Take a look around Pradelles and find options for accommodation here.

Cluster of houses in the village of Luc stretch along the side of the ridge. Above is the ruins of the château.

The village of Luc, overlooked by the ruins of the château

Château de Luc

High on a ridge overlooking the village of Luc are the ruins of a château. Built in the twelfth century, the heavily fortified castle provided protection for the villagers, successfully defending the area through the Hundred Years’ War and the Wars of Religion in the fourteenth and sixteenth centuries. But in 1630, during the reign of Louis XIII, orders were given to dismantle the château.

Thankfully, the dismantling was never completed and several towers remain.
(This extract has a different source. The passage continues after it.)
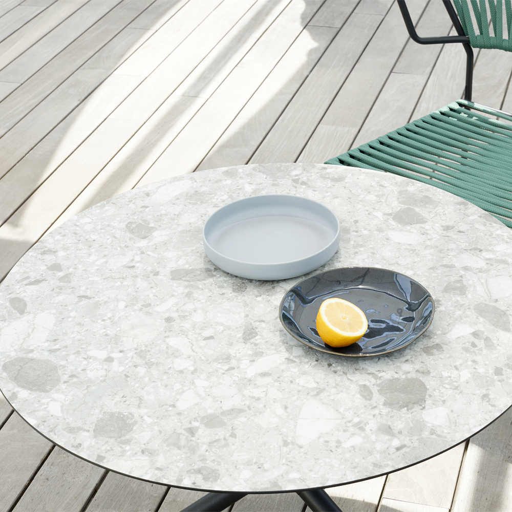 Tavolino con piano rotondo, quadrato o a goccia disponibile in varie finiture e materiali, con basamento a tre piedi in acciaio verniciato. Adatto all’uso interno ed esterno.

At the time of Stevenson’s arrival, the statue of the Virgin Mary had only recently been hoisted into place and a dedication ceremony was scheduled for the Sunday of the following week.
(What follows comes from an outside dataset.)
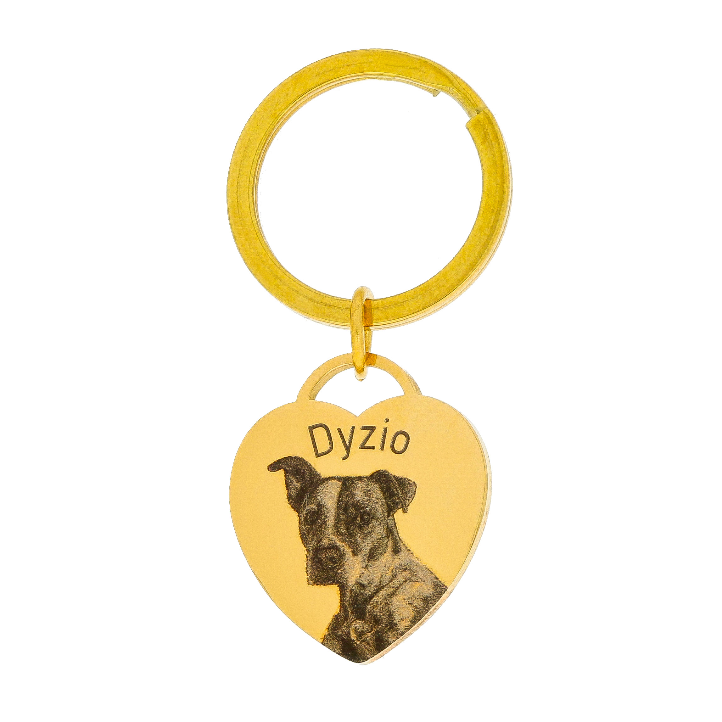 ZŁOTY BRELOK DAMSKI W KSZTAŁCIE SERCA ZE STALI CHIRURGICZNEJ 316L GRAWER Z PSEM W TECHNICE "MONEY PRINT" PREZENT MARZEŃ

More recently, the association Les Amis de Château du Luc was formed to oversee the preservation and to keep the history of the ruins alive. Plaques detailing the original purpose of each remnant can be found throughout the site and offer an insight into its turbulent past.

White stone statue of the Virgin Mary at the entrance to the Abbaye Notre-Dame des Neiges in France

Abbaye church of Notre-Dame des Neiges

Abbaye Notre-Dame des Neiges

Despite being raised a Protestant and later confessing to a monk that he considered himself a heretic, Robert Louis Stevenson detoured away from the main road at La Bastide-Puylaurent and headed east to the Abbaye Notre-Dame des Neiges.

In the twelfth century, the mountains here had sheltered four monasteries. Life within their walls had continued peacefully until the French Revolution in 1789 when monasteries throughout France were sold and the monks evicted. A century later, the new owner of one of the monasteries chose to return the building to the Cistercian order of monks.  

When Stevenson arrived in 1878, a new monastery—named Our Lady of the Snows—had been constructed and 90 monks had settled within the abbey. Today, only ten monks call Abbaye Notre-Dame des Neiges home but the population swells each night when 60—65 walkers (based on attendance at dinner) are welcomed into the former monks’ quarters.

The abbey operates as a donativo, meaning that payment for lodging is by cash donation only. A simple but hearty dinner, cooked by one of the monks, is served at communal tables, and guests are given instructions to wash and pack away the dishes before leaving the kitchen area. Breakfast is a similar affair of oranges, bread, yoghurt and coffee—and again, strict instructions to leave a clean kitchen!

Sadly, the last monks will be leaving Abbaye des Notre-Dame des Neiges in September of this year (2022) and accommodation will no longer be offered.

The exposed summit of Col de Finiels and views out over the distant ridges

The view from Sommet de Finiels

Le Pont-de-Mont-Vert

On Sunday morning 29 September 1878, Robert Louis Stevenson reached the highest point on his journey, Col de Finiels. He described the view “into the hazy air of heaven, and a land of intricate blue hills beneath his feet”.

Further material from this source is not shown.